Of course, all this makes me a few minutes late for ballet. And naturally, this means that I’m just a little bit off in everything. And, once again, Liz dances beautifully and I feel as if I’m trying to keep up. It’s particularly aggravating when she goes out of her way to smile at me, which feels fairly patronizing and makes me want to hit her. Also, I can feel Sienna watching me as she plays the piano, and I’m guessing she feels bad for me too. In some ways, I suppose I should appreciate the sympathy, since I think hers is sincere. But just the same, I avoid making eye contact with her. Besides, I have this sneaking suspicion that she might not approve of my witch’s bottle. I’m not sure that I’ll even tell her about it. Maybe it will be my little secret. There could be more power in that.

As soon as class is over, I grab up my stuff and dart out of there. I don’t want to talk to anyone today. Mostly I don’t want to talk to Liz. I go straight home and I’m heading into the house when I see Augustine’s friend Jonathon Morrow coming out. He looks like he’s in a hurry, but he waves at me as he hops into a small blue and very cool BMW convertible.

“You’re home early,” says Augustine as I come into the kitchen. She’s putting what looks like two wine glasses into the dishwasher.

“I didn’t know Jonathon was still in town,” I say.

“Oh yeah,” she says in an even voice. Her back’s still to me. “He really likes Westport. He’s actually thinking about staying.”

“Cool,” I say, although I’m wondering if it’s really that cool. I mean, what does this mean? Jonathon hanging around my dad’s wife, the two of them drinking wine in the middle of the day when no one’s home. If you ask me, it’s a little fishy.

“Hey, I talked to your dad,” says Augustine. She turns around and smiles. “And at first he wasn’t too excited about it.”

“What?” I say, unsure of what she’s referring to.

“You know,” she says, “about the Wicca seminar that you asked me about.”

“Oh yeah,” I say. “I almost forgot.”

“Well, he had a lot of questions, but I think I got them smoothed over. I told him it’s all part of your spiritual exploration and that we need to allow you to grow into your spiritual self with as much support as possible.
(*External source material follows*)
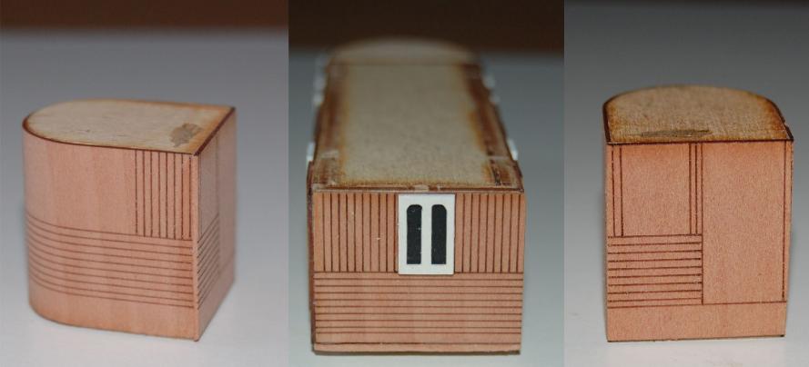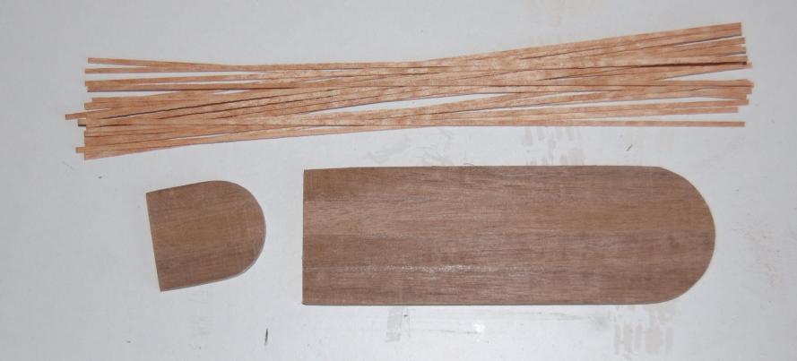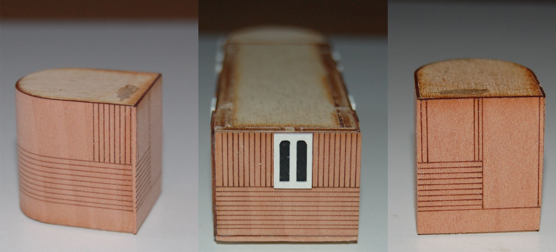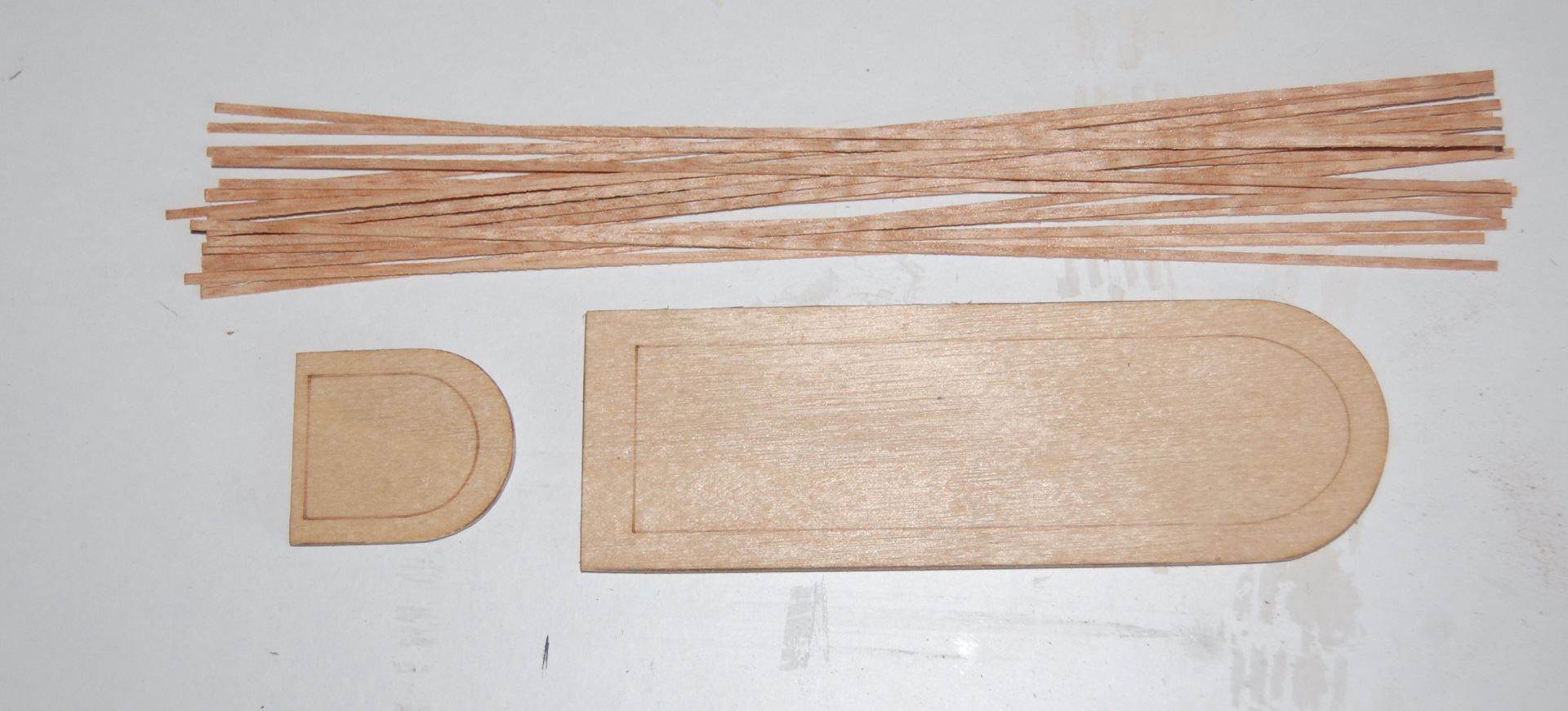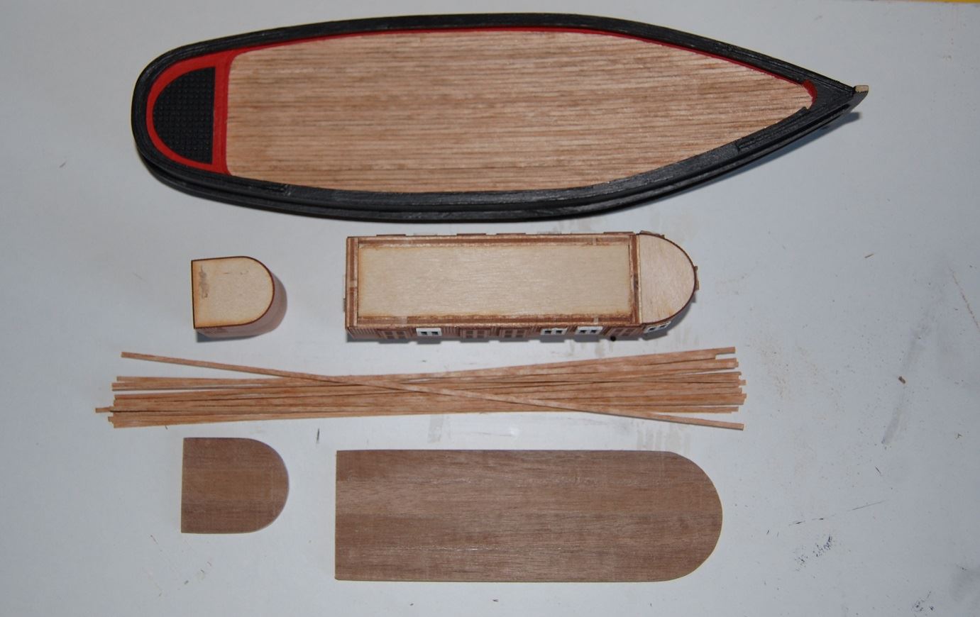 Das Deck wurde mit Leisten 2 x 0,5 mm beplankt. Eine Längsseite habe ich vor den verkleben mit dem Bleistift leicht getönt. Die beiden Deckshäuser sind gebaut und die Dächer dazu hergestellt und auch mit einem Holzdeck versehen. Die Deckshäuser bestehen aus einem Grundgerüst aus Sperrholz, auf welche die 0,5 mm dünnen Wandverkleidungen geklebt werden. Diese sehen wirklich sehr gut aus. Die Dächer bestehen aus 0,5 mm Sperrholzplatte, auf der einen Seite ist die Plazierung der Deckshäuser angedeutet und auf der anderen Seite wurden erst 2mm dicken Holzleisten aufgeklebt und darauf die feinen Decksleisten. Zum Abschluss ist noch eine ordentliche Kante drum herum gekommen. Das letzte Bild zeigt den Bauzustand bis hierhin. Den Rumpf, die Deckshäuser und die dazugehörigen Dächer, noch ohne Holzdeck.
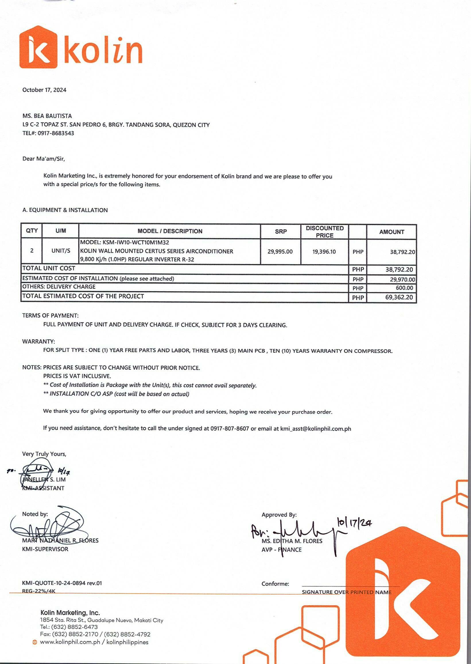 4/2/2025 2:36 PM 66170 _QUOTATION FOR_INSTALLATION_OF1HP KOLIN CERTUS MODEL2 .pdf

He seemed to get it.”

“So he’s okay?”

She nods.

“Thanks,” I tell her.

“And,” she says dramatically, “we’re going to pay for it too.”

“No way,” I say.

“Yep. I told him that I was going to pay for half of it, and he didn’t want to be outdone. He’ll pay for the other half.”

“Cool,” I say, although I’m actually having second thoughts right now. What if I don’t want to go? But I keep this to myself.